# Grade on the table



## bluenavigator (Aug 30, 2015)

Changing the thread to correct place, from Layout - Falls Mill layout thread, I got chance do the grade test on my table. I used my 48" level on the track. I was amazed that it is perfect level and checked the degree level gauge. It pointed to 0°. 

I used my floor jack to jack up the one end of the table. Went up to about 3° on the degree level gauge. Ran GP-30 Burlington Northern #181 (Lionel brand). It run fine. So I added cars up to 6, it started to slow down and started to spin on the curve. I can see that on downhill, it ran faster than uphill. If I stopped it on the curve, it will stay there and start to spin, clearly reached the pull limit. So I checked with AHM GP-18 Sante Fe #2654. With same 6 cars, it pull better but at same point where GP-38 failed, it would start to spin. 

Side note: I was curious about how accurate for level gauge on my mobile phone. So I downloaded the application. I was amazed to see how accurate it is. I got 86.8°, meaning 3.2° grade. 

Not planning to pull 6 cars on 4' x 6' table, I dropped 2 cars, it run better and not slowing down. It seems 2.5° grade is the ideal number for this size. So I am inclining to agree with CTValleyRR and MTRR75 on the grade. 2° grade would be the best for every table size, small or large.

My curiosity got best of me, I tried Bachmann 6922 Union Pacific DD40XX as I believe that it would be okay on 22" curve. It would not run at all, just blinking light on hood. I think that this one is DCC, not coded to run on DC. Am I right?
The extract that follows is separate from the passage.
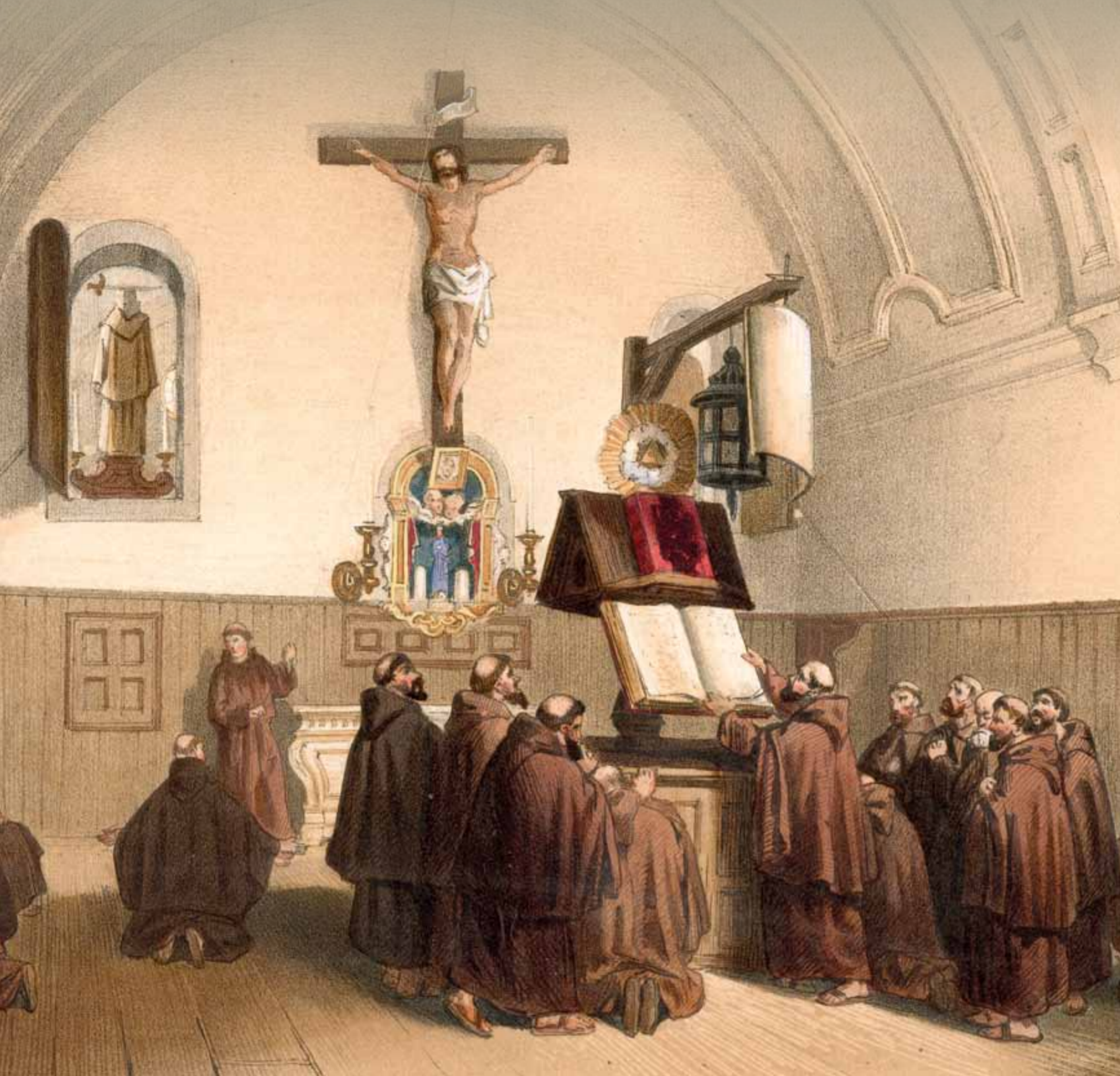
In 1620 wordt aan de zuidzijde van 't Zand een kapucijnenklooster gebouwd. Het verdwijnt wanneer men in de 19de eeuw de bouw van het tweede station en de uitbreiding van de sporen aanvat.

This made me wish to see it run on that grade because I never own long locomotive with 8 axles (4 on front and back) before. Heck, I got this one at bargain, on eBay along with other locomotives, including Athearn Hi-F. :hah:


----------



## CTValleyRR (Jul 26, 2014)

One person's "best" is another's "maximum". If you must have grades, then the more gradual, the better. But I would certainly recommend staying below 2.5%. But as you can see, if you have a bigger layout and are running longer trains, grades will start to become an issue fairly quickly.
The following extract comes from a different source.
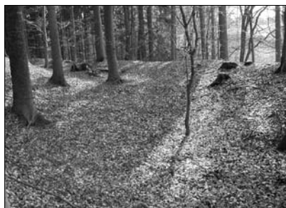
Zbytky příkopu a valu k jihovýchodu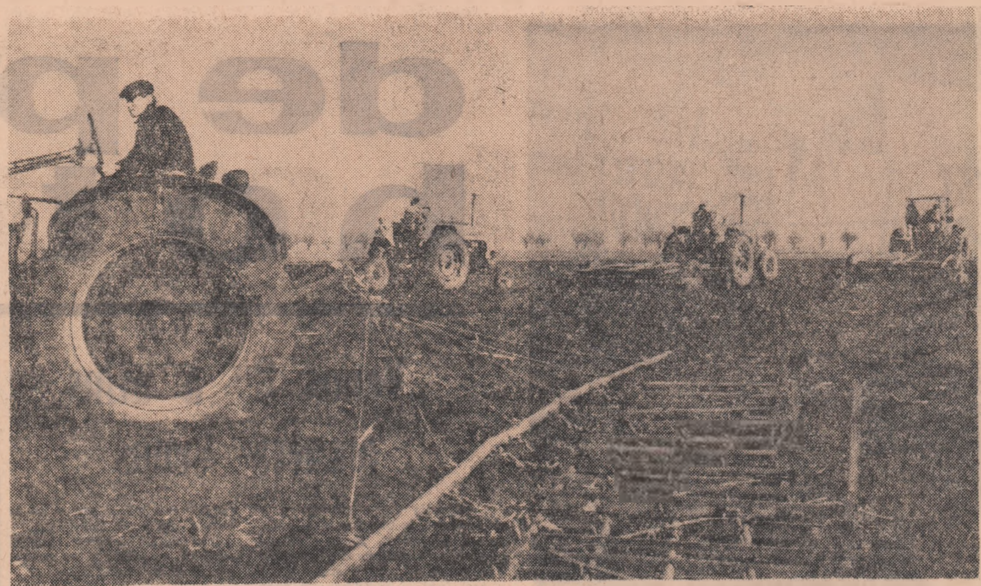
Pregetirea terenului în vederea însămînțării de primăvară la G.A.S. Popești-Leordeni București

LAL ROMULUS Într-o îngrijită prezentare grafică a apărut volumul Folclor poetic nou editat de Casa centrală a creației populare, editat alcătuit și îngrijit de Ion Meitoin. Grupul creației poetice populare culeasă din toate regiunile țării, volumul cuprinde o întinsă geografie lirică a folclorului românesc contemporan, izvoiri din sublimarea în metafora poeziei a bucuriilor și pasiunilor cotidiene. Producțiile, mai mult sau mai puțin anonime, aparute în numeroase culegeri și corolade de această substanțială grupare lirică oferă o imagine reală a continuii robuste și facultății creatoare a poporului nostru. Acceptînd existența continuității elaborării creației anonime nu putem trece cu vederea notele speciale pe care le imprimă schimbările structurale produse în conștiința estetică a creatorului popular, înfrînte

You also have to think about easements -- a gradual transition into a steeper grade. This is more for performance reasons than pulling power. Cheap couplers may fail, trip pins catch on the track, things may uncouple, and cars / locos may derail. The issue, mostly, is having part of the car on the incline while part of it is level. Since the car is rigid, this changes the relative heights of the couplers, as well as making some of the wheels actually come off the track.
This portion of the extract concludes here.